SoSafe is the leading choice for European enterprises that require GDPR compliance, EU data residency, and multilingual support across 30+ languages. Its behavioral analytics and adaptive email difficulty are well-regarded. No live vishing or deepfake simulation.
Try our vishing simulator
Experience the most advanced voice phishing simulator built for security teams. Create scenarios, test voice cloning, and explore automation features.
Three Steps to Improve Your Simulation Program This Quarter
If your current program is email-only, these three actions will move it in the right direction without requiring a full platform change on day one.
1. Audit your current simulation coverage against the five questions above.
Most organizations running email-only programs will find gaps at questions one, two, and three immediately. That audit doesn't require a vendor conversation. It's the baseline assessment that tells you what you're actually testing and what you're leaving uncovered.

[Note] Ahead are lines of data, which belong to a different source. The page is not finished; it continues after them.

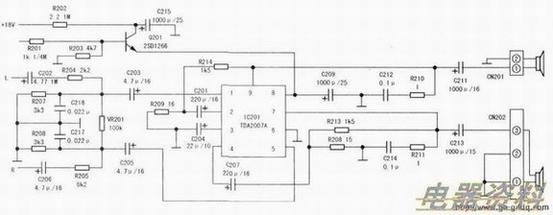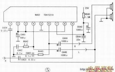 最后来试声音。发现音量很小且有严重的交流声。怀疑伴音集成块也烧坏了。此机的伴音功放块采用TDA2007A(见图4),9脚双声道集成块,比较少见。主要引脚功能如下:(1)脚L输入、(9)脚L输出、(5)脚R输入、(7)脚R输出、(8)脚接+18V、(6)脚接地。考虑再三,决定用长虹D2522型彩电用的9脚双声道集成块TDAl521A(见图5)来代换。其主要引脚功能如下:(1)脚L输入,(4)脚L输出,(9)脚R输入,(6)脚R输出,(7)脚接+22V,(5)脚接地,(2)、(3)、(8)脚连在一起通过一只100μF的电容接地。对比之后进行了如下更改:将TDA1521A(1)、(4)、(9)、(6)、(7)、(5)脚分别接入原TDA2007A的(1)、(9)、(5)、(7)、(8)、(6)脚,将(2)、(3)、(8)脚连在一起,通过一只100μF的电容接地,固定好后试机,故障排除。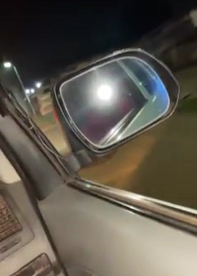 car's side mirror at night. Streetlights and another vehicle's tail lights are visible in the mirror. The interior of the car is partially visible. The car appears to be stationary.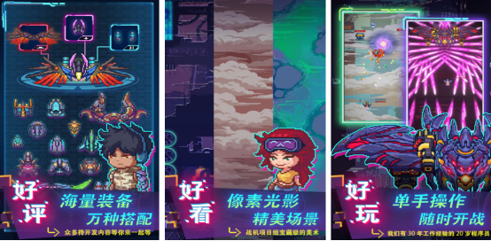 竖屏的展现形式,还以飞机射击为主要的题材。在原有的弹幕设计玩法上又融入了肉鸽元素。操作的方式特别简单,玩家可通过点击屏幕并滑动屏幕的方式,就能合理操控其中的战机,完成相应的战斗体系,每种战机的战斗方式以及射击技能是完全不同的,而玩家在射击敌机的过程当中,也要及时躲避敌方的攻击,千万不要被其子弹击中,否则就会导致游戏失败。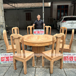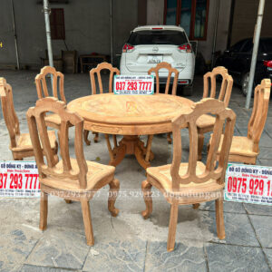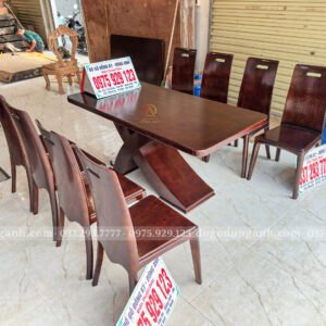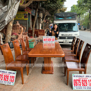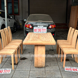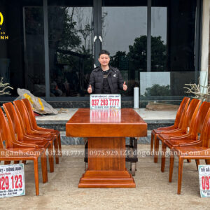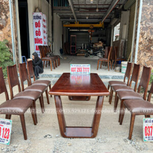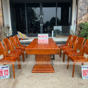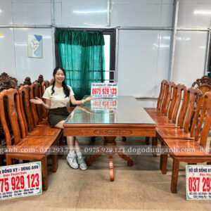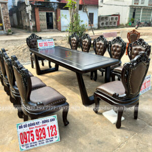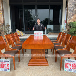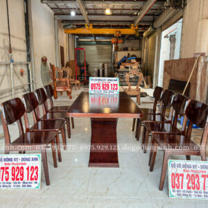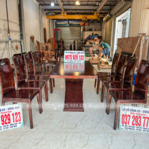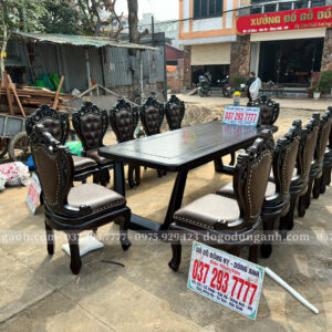 Đồ Gỗ Dũng Anh | Bộ 12 Ghế Nữ Hoàng Bọc Da kết hợp Bàn Chữ Nhật Chân Trụ U Nguyên Khối Gõ Đỏ Nam Phi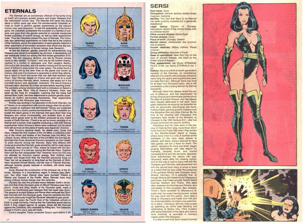 Interestingly enough, as the late great Captain of Continuity Mark Gruenwald points out in the aforementioned Handbook of the Marvel Universe, if we believe that the Circe of myth was a real person in the Marvel universe, and she was actually Sersi the Eternal… then her first appearance actually happened more than a decade earlier.

2. Add a remediation loop at the moment of failure.
Before you change platforms or add new attack vectors, make sure every failed simulation triggers immediate, non-punitive feedback. A landing page that shows the employee what made the attack convincing, shown the moment they click, produces a 40% average reduction in susceptibility according to the meta-analysis of 42 studies. It's the highest-impact single change you can make to an existing program, and most platforms already support it.
3. Run a vishing simulation before your next board review.
Email click rates are a familiar metric. Most boards and leadership teams have seen them before. Fail rates on a live AI phone call, especially one using an executive voice clone, tell a different story about organizational readiness and are often more persuasive for making the case to expand the simulation program beyond email.